Emal admet: "Je trouvais ça normal que les Kurdes soient ici chez eux, c'était leur camp, et nous on avait Calais. Mais comme Calais n'existe plus..."

Le petit groupe d'Afghans repartira quelques minutes plus tard sans avoir pu récupérer leurs affaires, empruntant en file indienne les bas-côtés des rocades desservant le centre-ville de Grande-Synthe, comme de nombreux autres migrants.

En pleine bagarre



A quelques km de là, la salle Victor Hugo fait partie des trois gymnases réquisitionnés pour mettre à l'abri une partie des réfugiés - pas plus de 500, s'inquiète François Guennoc de l'Auberge des migrants, le reste ayant passé la nuit dans la rue.

A l'intérieur de ce lieu dédié aux Kurdes, ces habitués de l'exil forcé essaient, tant bien que mal, de recomposer leur vie, une fois de plus. Des hommes et des femmes à l'air épuisé se reposent sur les lits de camp.

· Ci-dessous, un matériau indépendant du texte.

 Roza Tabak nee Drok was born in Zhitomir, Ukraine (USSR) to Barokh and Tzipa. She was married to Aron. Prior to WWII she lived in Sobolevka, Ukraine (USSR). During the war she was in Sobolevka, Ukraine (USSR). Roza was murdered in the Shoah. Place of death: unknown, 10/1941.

Leurs enfants jouent déjà au ballon ou font du tricycle, leurs petits manteaux accrochés aux prises d'escalade artificielles.  Des adolescents font la queue pour se débarbouiller aux lavabos près de l'entrée.


Johat, un des seuls Afghans présents, peut-être toléré parce qu'il a 15 ans, est angoissé: "Je me suis trouvé en pleine bagarre, j'ai réussi à m'enfuir mais depuis, plus aucune nouvelle de mon copain blessé".

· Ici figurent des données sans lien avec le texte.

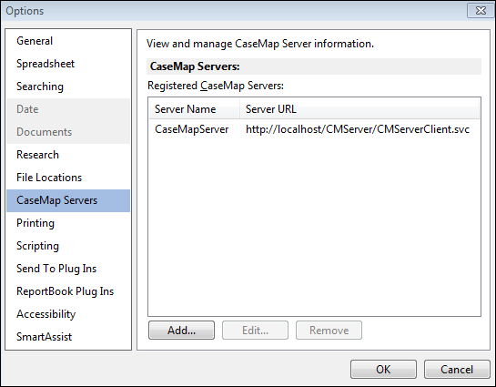 | 2. | In the Options dialog box, click the CaseMap Servers tab. |

Beaucoup sont inquiets de ne pas retrouver leurs proches


"C'est le bazar. Certains ne sont pas hébergés et trainent à Auchan, en ville... Beaucoup sont inquiets de ne pas retrouver leurs proches", témoigne Patrick, volontaire venu prêter main forte.

C'est le cas de Karwan, père de cinq enfants, qui enrage de ne pouvoir entrer dans le gymnase car il est Pakistanais. "Ca me fait bizarre d'être ici à attendre. Au camp on était bien. Je n'aime pas être séparé de ma famille".

A un moment, je portais ma fille dans mes bras, mais je suis tombé


Lundi soir, il était parti acheter du tabac quand il a appris la nouvelle. Il est revenu en catastrophe pour protéger les siens, dont la cabane se situait face au lieu des premiers affrontements. "A un moment, je portais ma fille dans mes bras, mais je suis tombé, des gens m'ont frappé. Mais ce n'est pas grave, tant que mes enfants n'ont rien...", se satisfait-il.

Cet événement le convainc en tout cas encore plus de son objectif initial: rallier l'Angleterre, au plus vite.